Mossoró dos Campos era a típica cidadezinha do interior de um estado qualquer no Brasil.
Ar puro, árvores, morros, natureza bela, rio de águas claras onde carpas e pacús nadavam tranquilamente e dourados pulavam pra fora das águas, tranquilidade, paz e sossego.
Porém, o tempo parecia ter parado. Progresso? Os moradores nem sabiam o que era isso. Não havia indústrias, grandes comércios, colégios, faculdades, lazer e nada acontecia.
Para boa parte dos Mossoerenses, o dia começava às quatro da manhã. O despertador tocava e lá iam os pequenos fazendeiros, ou sitiantes, esposas e filhos ordenhar as vacas, dar feno pro gado, recolher os ovos, milho para as galinhas, frutas, verduras e gramas para os porcos.
Depois, o lauto café da manhã com coisas da roça, queijo branco, manteiga, ovos cozidos, bolo de fubá, leite fresquinho, geleia de amora e, é claro, o delicioso café.
E depois? Hummm…criançada na escola, só até o fundamental II, é claro.
Almoço saudável, depois nadar ou pescar no rio, cada dourado gigante se pescava ali, mas o sol, quase sempre escaldante, fazia boa parte dos Mossoerenses tirarem uma pequena sesta de duas a três horas e a cidade, quase fantasma, se tornava realmente fantasma.

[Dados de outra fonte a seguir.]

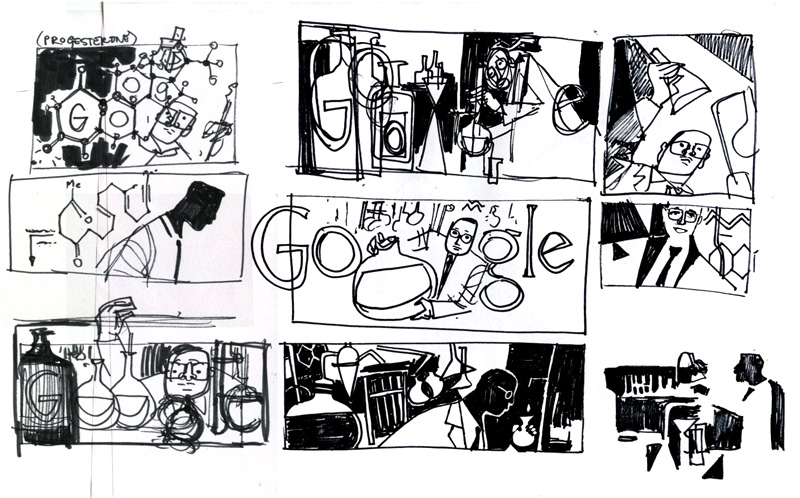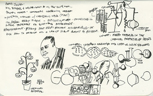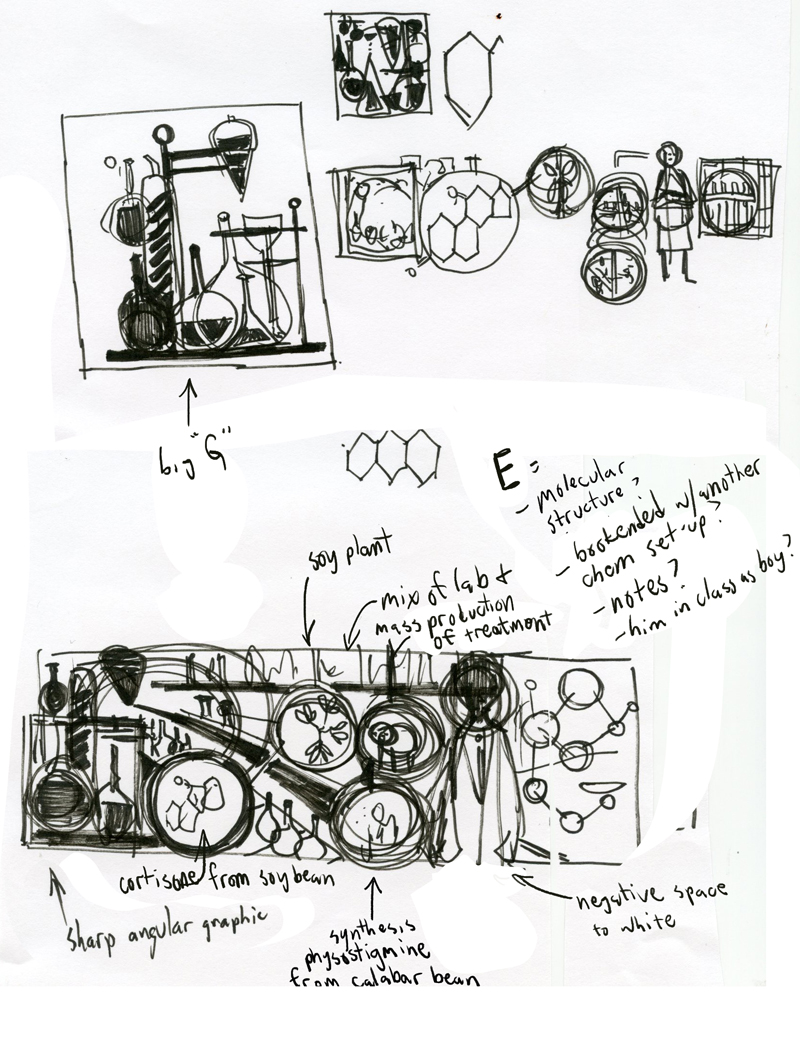 Visually, I was presented with a familiar challenge: to create something fun and engaging for us non-science types (I confess to finding a way of skipping chemistry in high school), while still calling attention to Julian's key achievements in an appropriate (ie. correct and validated!) way. Before getting too far into the research, I sketched thumbnails of the common association – that of a chemist in a lab full of beakers and tubes:

Nesse momento, o tempo parecia literalmente parar em Mossoró dos Campos. Gente andando? Não. Carroça nas ruas de terra? Nem pensar. Nada se movimentava ali, nem os vira latas ousavam sair no sol forte, pássaros se aquietavam e até às moscas davam sossego.
E, como diziam alguns, em Mossoró dos Campos, até a chuva tinha preguiça de cair.
Fim de tarde, talvez, andar lentamente pela praça pro tempo passar. Aliás, a praça era o centro “nervoso” da cidade.
Em volta dela ficava a Prefeitura, cujo prefeito raramente aparecia, afinal, no Brasil inteiro político tem a fama que não é de trabalhar (outras “cositas” sim), porque em Mossoró seria diferente?
Ao lado, ficava a delegacia, com uma única cela que nos últimos vinte anos teve apenas três inquilinos (e, claro, não eram políticos). Tinha o armazém do seu “Zé”, que abria quando ele não estava com preguiça e era o único lugar onde se encontrava cachaça da boa. Ao lado a sorveteria, carrinho de lanche, pipoqueiro, doceria, um açougue quase falido, uma pensão com três quartos que, em cinquenta anos tivera lotação completa cinco vezes. E, na praça, muitos bancos para curtir a preguiça, ah, e também o tradicional coreto. E, bem longe da praça, no final da rua, estava a casa das primas com três senhoras que estavam ali há, mais ou menos cinquenta anos. Precisavam renovar o pessoal, mas estava difícil.
E assim a vida seguia em Mossoró dos Campos, lentamente, preguiçosamente.
O tempo parado, os jovens se quisessem fazer colégio (nunca queriam) teriam que viajar sessenta quilômetros até a cidade mais próxima, haja preguiça, ninguém ia.
Mas, em um belo dia, uma grande notícia! Uma multinacional, milagrosamente, se instalaria em Mossoró. Comentários, frisson, só se falava na grande novidade. Vai ter empregos, vem gente de fora, a cidade vai crescer, o progresso finalmente chegaria. Surgiriam outras empresas para fornecer materiais para aquela, surgiriam cursos profissionalizantes, colégios e faculdades, a vida realmente começaria em Mossoró. Uma luz no fim do túnel.
E a multinacional se instalou, muita gente veio pra cidade, dona Eva quadruplicou o número de quartos na pensão. Dois colégios já se instalavam e alguns diziam que até uma faculdade estava para vir. Outras fábricas, mais gente, outra pensão e o progresso chegou a Mossoró, porém, os peixes sumiram por causa do rio poluído, as empresas desmataram e o ar deixou de ser puro. O asfalto novo provocava enchentes, antes desconhecidas, havia muitos bares e brigas e a delegacia aumentou. A violência fazia parte do pacote e viera junto com o progresso.
Pessoas e vira latas não cruzavam mais as ruas, não por preguiça e sim para não serem atropelados por motoristas bêbados e irresponsáveis.
O progresso, finalmente, chegara a Mossoró dos Campos.